Quote:
|
Originally Posted by Nimetic
And here's a problem you may not have thought of... I've been in internet cafes that have security cameras. How easy would it be to replay the keystrokes there.
|
Though you're correct in the existence of keyloggers,
Necrosis, I assumed, was talking about using your own laptop in a WiFi hotspot facility. Stil a camera would accomplish the same.
Keyloggers are a security risk everywhere (and probably a common thing after a hacker has had access to your system). Keyloggers record all keystrokes, and with a little guesswork you can easily derive usernames and passwords from them.
However, a keylogger would not do anybody any good with my online banking service. I have to enter a one-time key sequence to gain access. That sequence cannot be re-used. (this is for reading my account status). For modifying my accounts (payments, banktransfers, and such) I need to use a physical 'calculator' to calculate an answer to the key sequence the bank gives me.

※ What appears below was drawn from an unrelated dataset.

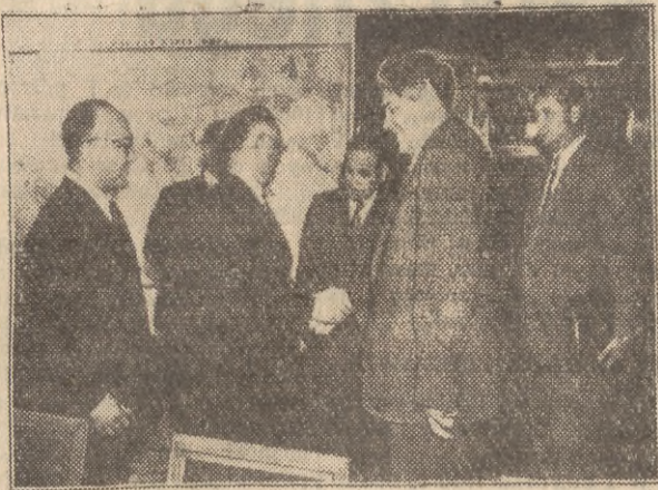
Na zdjęciu: Przewodniczący delegacji radzieckiej, minister spraw zagranicznych ZSRR D. T. Szepilow wymienia uścisk dłoni z przewodniczącym delegacji japońskiej, ministrem spraw zagranicznych Japonii M. Szigemitsu, w czasie jego wizyty u min. Szepilowa.

This solves several things:
- the system is based on the very secure
something you know and something you posess system. The 'calculator' needs your bank card for it's calculations and won't work without a PIN. (hence you
know the PIN number, and you
posess your bankcard.) This defeats reading over shoulders or stealing your bankcard, a thief needs to do both.
(The 'calculator' itself is universal for all accounts. So stealing the PIN and bankcard is enough to "own" the account.)
- Proxy based (fishing) attack. Since the patching of a few browsers, fishing attacks are more difficult. The bank actually warns me to look at the browser address bar to verify that I'm actually communicating with the bank.
- Reading my log-in sequence will only allow an attacker to view my account status. (note: this would actually help me, as he/she can confim I don't have any money
)
- There is a single attack vector that would work**. But it requires a huge amount of preparation, access to the network and physical or hacked access to the PC to make work. And even then, I've noticed that the bank is not easily fooled.
Trust me, the banks are very security minded (sometimes freakishly so), and, at least around here, will not implement a banking system prone to easy attacks. The thing is, banks rely on one thing: public trust. If public trust diminishes the entire banking system is at risk. Security issues are therefore dealt with swiftly.
Cheers!
** I haven't tried or researched into this attack vector. It might very well not be possible. But since the system has been put in place a couple of years ago, its been on my mind that it probably is possible, but very difficult to pull off, only work on 1 PC at a time, and will not fool a vigilant user.